Лейтенант отпер дверь, по привычке держа руку на револьвере. У него было тяжело на душе. Теперь, когда последний священник сидит под замком, больше ему и делать-то нечего. Пружинка, двигавшая его действиями, лопнула. Хорошее было время, пока шла охота, подумал он, но больше этого не будет. Цель исчезла, жизнь словно вытекла из окружающего его мира. Он сказал с горьким сочувствием (ему трудно было вызвать в себе ненависть к этому маленькому опустошенному человечку):

— Постарайся уснуть.

Он уже затворил за собой дверь, когда сзади послышался испуганный голос:

— Лейтенант.

— Да?

— Вы видели, как расстреливают? Таких, как я.

— Да.

— Боль длится долго?

— Нет, нет. Мгновение, секунду, — грубо сказал он и, захлопнув дверь, побрел по тюремному двору. Он зашел в участок: фотографии священника и бандита все еще висели на стене; он сорвал их — больше они не понадобятся. Потом сел за свой стол, опустил голову на руки и, поддавшись непреодолимой усталости, заснул. Он не мог вспомнить потом, что ему снилось, — в памяти остался только хохот, непрерывный хохот и длинный коридор, выхода из которого найти было нельзя.

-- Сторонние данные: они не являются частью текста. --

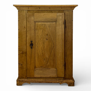 This early 19th century French bonnetière is constructed from solid oak and distinguished by a boldly framed door with a central diamond-shaped panel. Originally designed for linen or clothing storage in provincial households, its tall, narrow form allows it to fit comfortably into tighter spaces while offering generous interior shelving.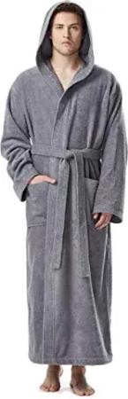 Herren Bademantel mit Kapuze, Größe: S-M Lang, Farbe: Grau
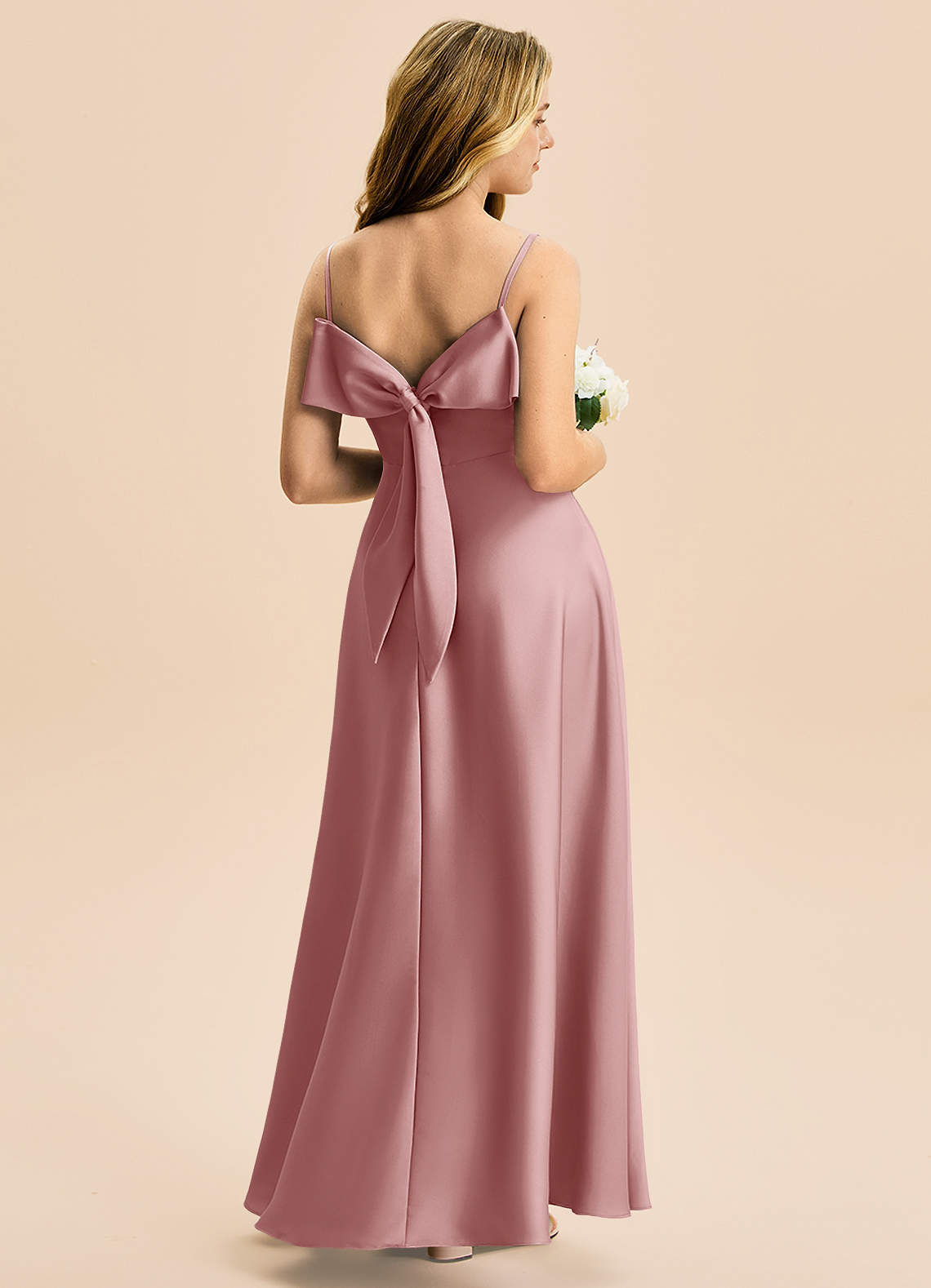Jurk van Stretch Satijn met A-Lijn Geplooid Stoffige Roos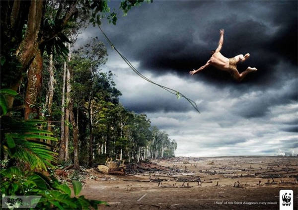 NO17.WWF 组织环保广告,人猿泰山要摔大跟头了,广告语:热带雨林正在以每分钟15平方公里的速度消失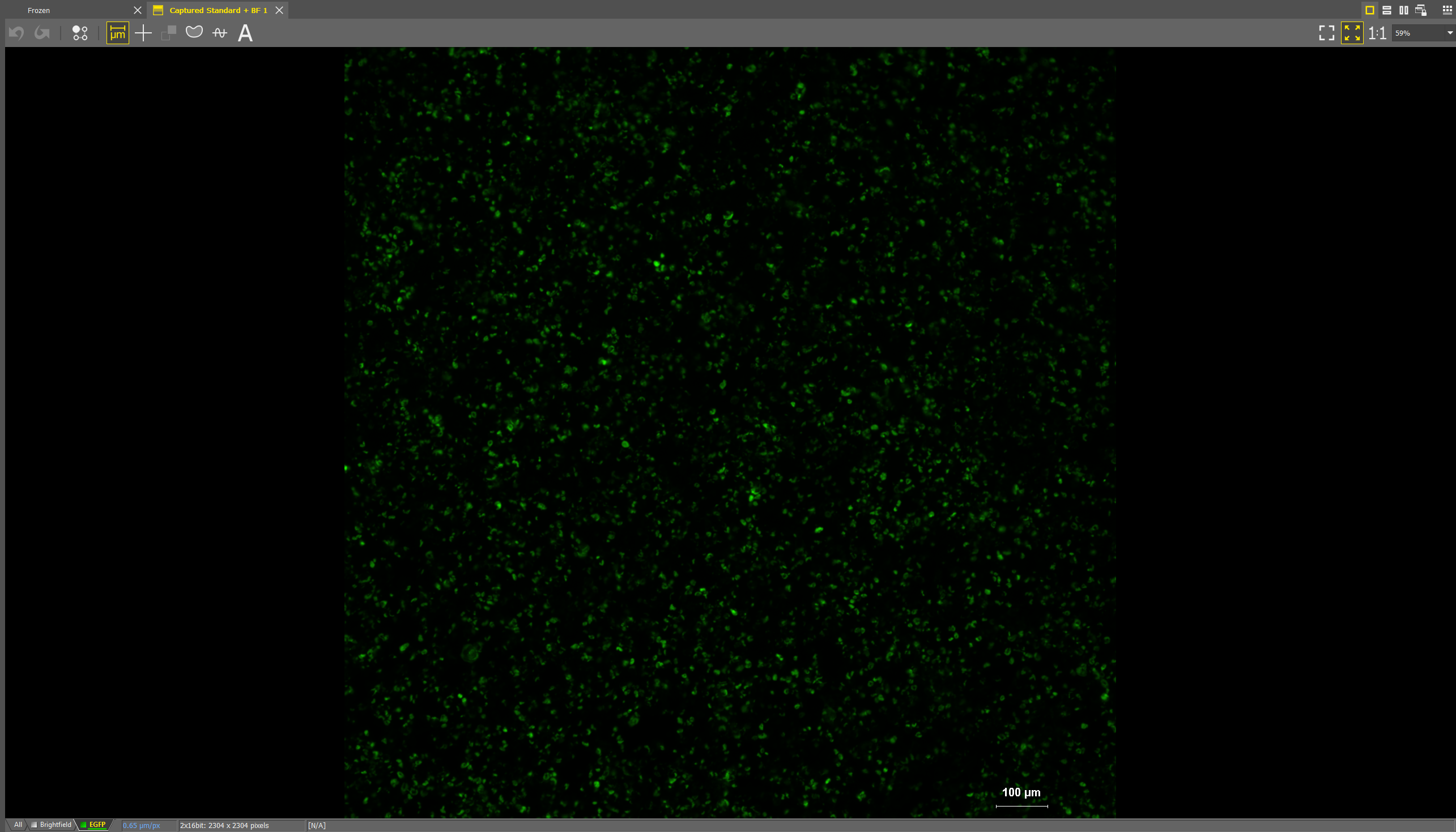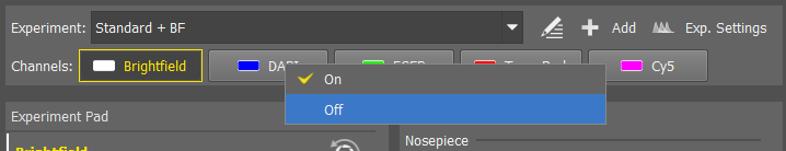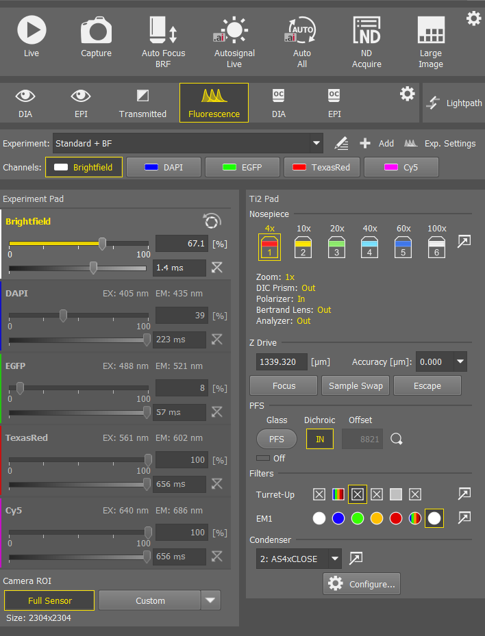 The panel on the right has the controls for optical configuration (which channels are active), exposure times, light intensities, and objectives. To capture a simple image with Brightfield and fluorescence choose “Standard + BF” from the dropdown menu.

Священник сидел на полу, держа фляжку в руках. Так прошло несколько минут, потом он отвинтил колпачок и поднес фляжку ко рту. Бренди не оказало на него никакого действия, точно вода.

Он поставил фляжку на пол и начал шепотом перечислять свои грехи. Он сказал:

— Я предался блуду. — Эта формальная фраза ничего не значила, она была как газетный штамп и раскаяния вызвать не могла. Он начал снова: — Я спал с женщиной, — и представил себе, как стал бы расспрашивать его священник: «Сколько раз? Она была замужем?» — «Нет». Бессознательно он снова отхлебнул из фляжки.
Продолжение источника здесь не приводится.